→ **Exercise prompt**
Leaving out the pictures, write out exactly each line from the line with "蘇莱浦水産物市場(セリ場なの" through the close of the listing below.

Records shown Block Start

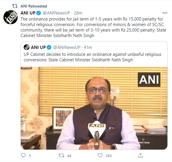 ಮತಾಂತರದ ಕುರಿತು ಬಹುವಾಗಿ ಚರ್ಚಿಸುತ್ತಿರುವ ಸಮಯದಲ್ಲಿಯೇ ಉತ್ತರ ಪ್ರದೇಶ ಸರ್ಕಾರವು ಸುಗ್ರೀವಾಜ್ಞೆಯೊಂದನ್ನು ಹೊರಡಿಸಿದ್ದು, ಬಲವಂತದ ಮತಾಂತರಕ್ಕೆ 1 ರಿಂದ 5 ವರ್ಷಗಳವರೆಗೆ ಜೈಲುವಾಸ ಮತ್ತು 15 ಸಾವಿರ ರೂಗಳ ದಂಡವನ್ನು ವಿಧಿಸಬಹುದು” ಎಂದು ಹೇಳಿದೆ.
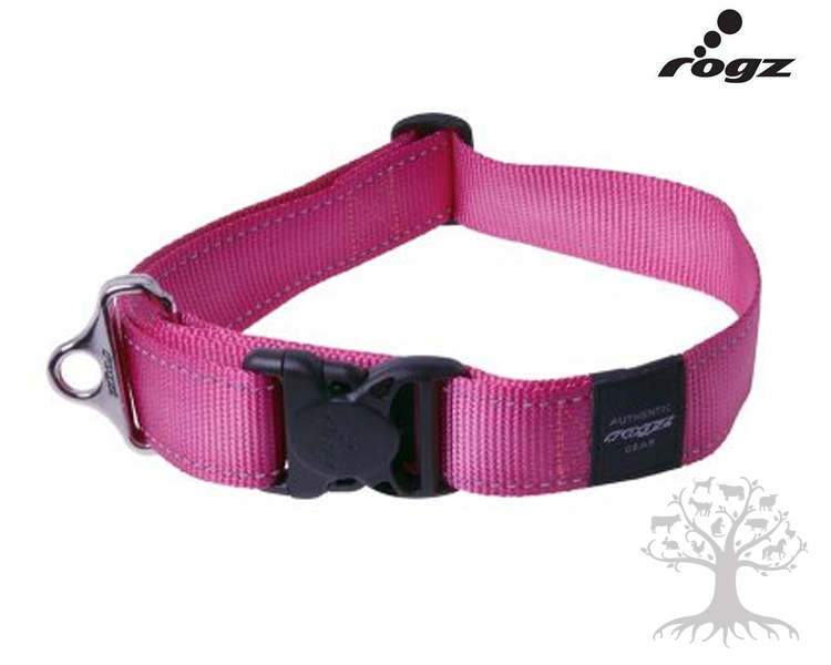 Rogz Nailonpanta Utility Jumbo Rosa. Erittäin laadukas ja pehmeästä nailonista valmistettu 40mm leveä kaulapanta, joka soveltuu hyvin vahvoille ja aktiivisille liikkujille. Säädettävä kaulanympärys tekee pannasta erittäin hyvin istuvan. Tehokkaat heijastinpunokset parantavat näkyvyyttä pimeällä. Muovisen ja erittäin kestävän pikalukon ansiosta panta on helppo ja nopea pukea. Pannassa on todella vahva ja kestävä metallilenkki talutinta varten. Muovilukon toinen pää pujotetaan metallilenkin läpi ja napsautetaan kiinni pikalukkoon. Tämä LLT-tekniikka (Low Load Technology) estää kuormituksen aiheutumisen pikalukkoon, kun koira vetää. Pannan säätöhihnoissa on myös stopparit, jotka estävät pannan löystymisen. Katso esittelyvideo.
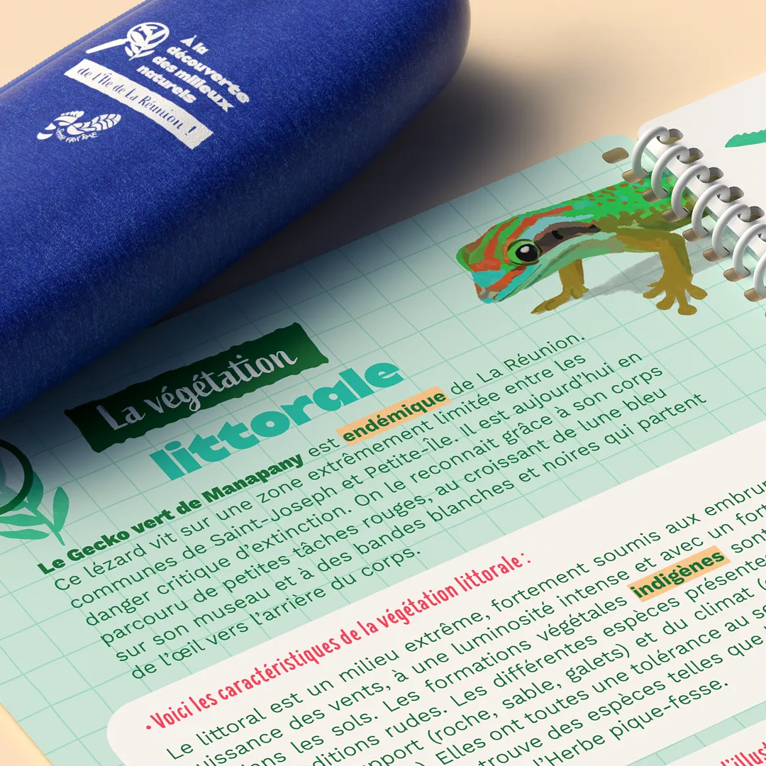 - Support pédagogique sur mesure : Conception complète de mallettes prêtes à l'emploi, adaptées aux objectifs de découverte de la nature et du patrimoine de La Réunion.
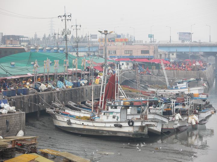 蘇莱浦水産物市場(セリ場なので観光客は×)の周りを囲む在来市場で、河口の砂浜に船がドーンと乗り上げて魚を下す光景が迫力満点!
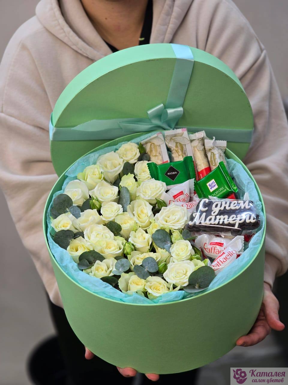 Круглая коробка с конфетами и цветами для Мамочки
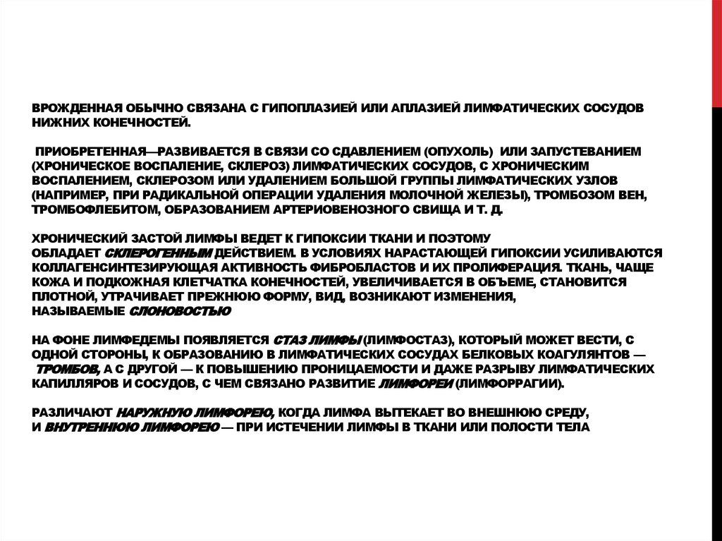 13. Врожденная обычно связана с гипоплазией или аплазией лимфатических сосудов нижних конечностей. приобретенная—развивается в
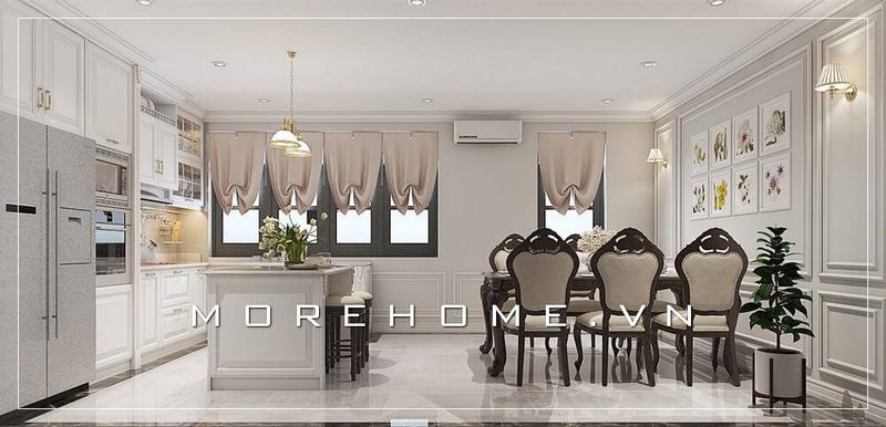 Thiết kế nội thất phòng bếp biệt thự tân cổ điển sang trọng, sử dụng tone màu trắng chủ đẹp cho căn bếp mang đến sự nhẹ nhàng, tinh tế và không gian tiện nghi
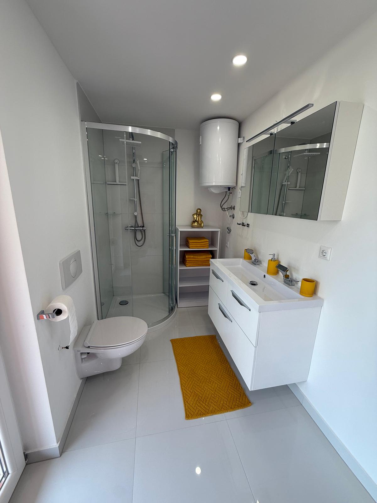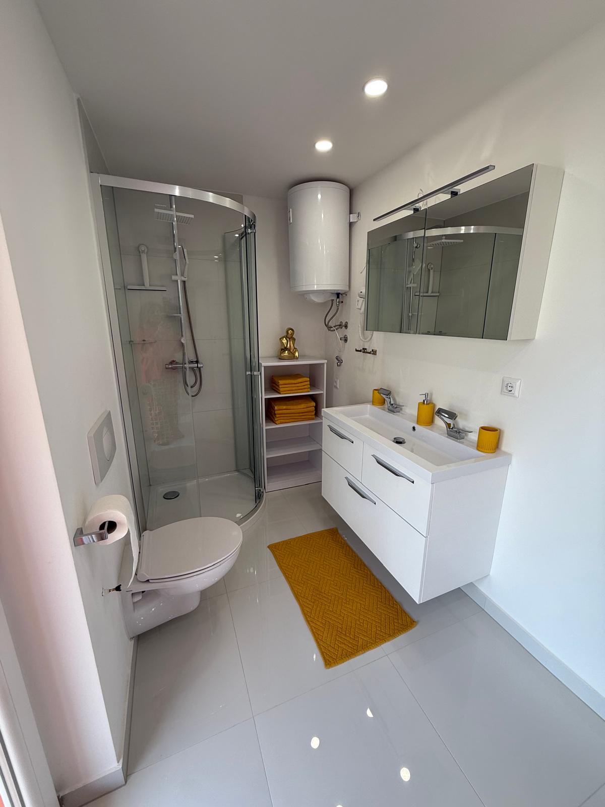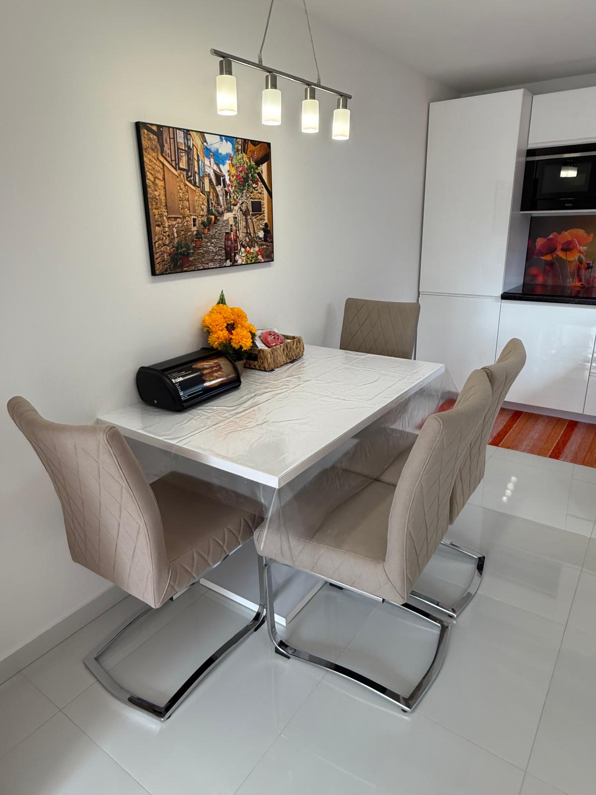 Felszereltség: klíma, wifi, TV, hűtő fagyasztó résszel, vízforraló, konyhai edények evőeszközök, főzőlap, mosogatógép, mikró, ágynemű, törölköző.
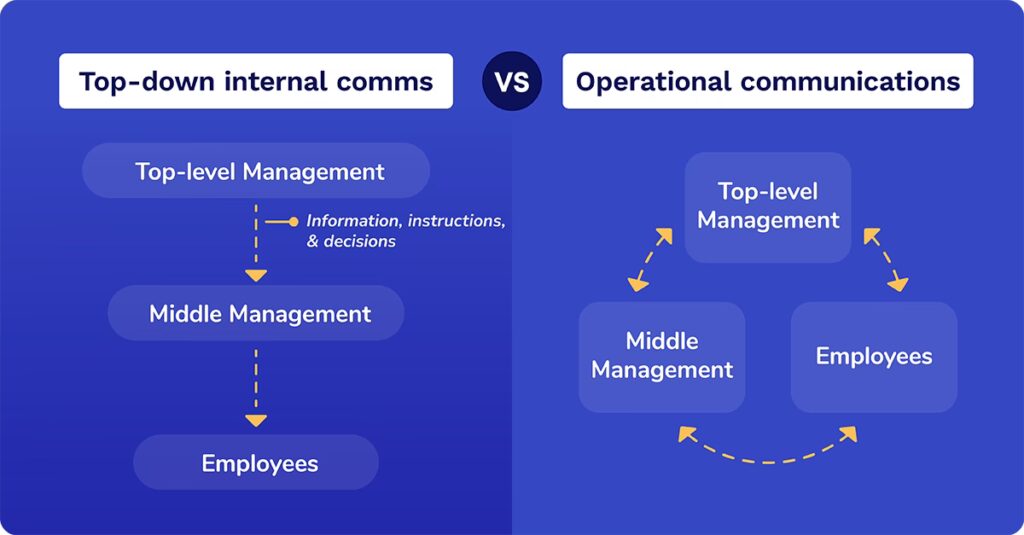 For at forstå dens transformative kraft, må vi først skelne mellem traditionel top-down intern kommunikation og den mere dynamiske, operationelle kommunikation. Traditionel kommunikation flyder ofte kun én vej: fra ledelsen og ned gennem hierarkiet via nyhedsbreve, opslagstavler eller e-mails. Medarbejderne er passive modtagere af information.

Records shown Block End

→ **Response area**
 蘇莱浦水産物市場(セリ場なので観光客は×)の周りを囲む在来市場で、河口の砂浜に船がドーンと乗り上げて魚を下す光景が迫力満点!
 Круглая коробка с конфетами и цветами для Мамочки
 13. Врожденная обычно связана с гипоплазией или аплазией лимфатических сосудов нижних конечностей. приобретенная—развивается в
 Thiết kế nội thất phòng bếp biệt thự tân cổ điển sang trọng, sử dụng tone màu trắng chủ đẹp cho căn bếp mang đến sự nhẹ nhàng, tinh tế và không gian tiện nghi
 Felszereltség: klíma, wifi, TV, hűtő fagyasztó résszel, vízforraló, konyhai edények evőeszközök, főzőlap, mosogatógép, mikró, ágynemű, törölköző.
 For at forstå dens transformative kraft, må vi først skelne mellem traditionel top-down intern kommunikation og den mere dynamiske, operationelle kommunikation. Traditionel kommunikation flyder ofte kun én vej: fra ledelsen og ned gennem hierarkiet via nyhedsbreve, opslagstavler eller e-mails. Medarbejderne er passive modtagere af information.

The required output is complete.